J'ai énormément aimé ce recueil de nouvelles... L'audition, un thème très intéressant avec tellement de possibilités... les auteurs ont toujours trouvé la justesse adéquat pour traité ce sujet. A lire, je le recommande à tous !
Bonne lecture mais sans plus. Ce que j'aime dans les collectifs de nouvelles, c'est la découverte d'auteurs que je ne connaissais pas auparavant. Peut-être suis-je rendu trop difficile?

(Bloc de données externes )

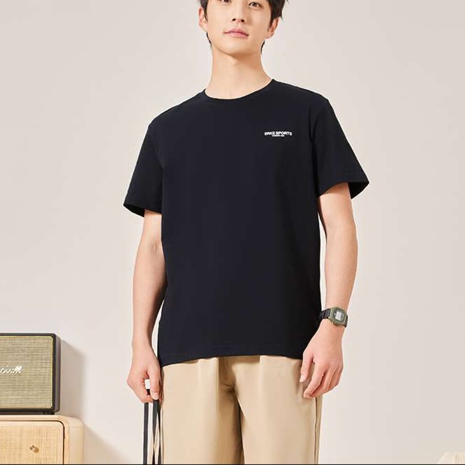 胸元のさりげないロゴがアクセントとなり、洗練された印象を与えます。

Merci aux éditions Belfond et NetGalley de m'avoir permis de découvrir ce recueil de nouvelles. Je le dis souvent mais écrire une nouvelle est tout un art. La complexité résidant dans le fait que son auteur doit parvenir à accrocher son lecteur dès l'entame du récit et parvenir à nous délivrer le message souhaité en très peu de pages. Une fois encore, ma curiosité a été récompensée car ce recueil dirigé par Yvan Fauth répond à toutes mes attentes. Touchant de près ou de loin à l'audition, ces 11 nouvelles sont toutes uniques en leur genre et parviennent à capter le lecteur. J'accorderais une mention spéciale aux nouvelles de Sonja Delzongle, R.J. Ellory, Nicolas Lebel et Cédric Sire. Bravo pour cette initiative !
Écouter le noir is a fascinating collection of thriller short stories, some actually almost horror, mostly based on the theme of deafness. A neat twist to these stories, by some authors I had never heard of. Very enjoyable collection!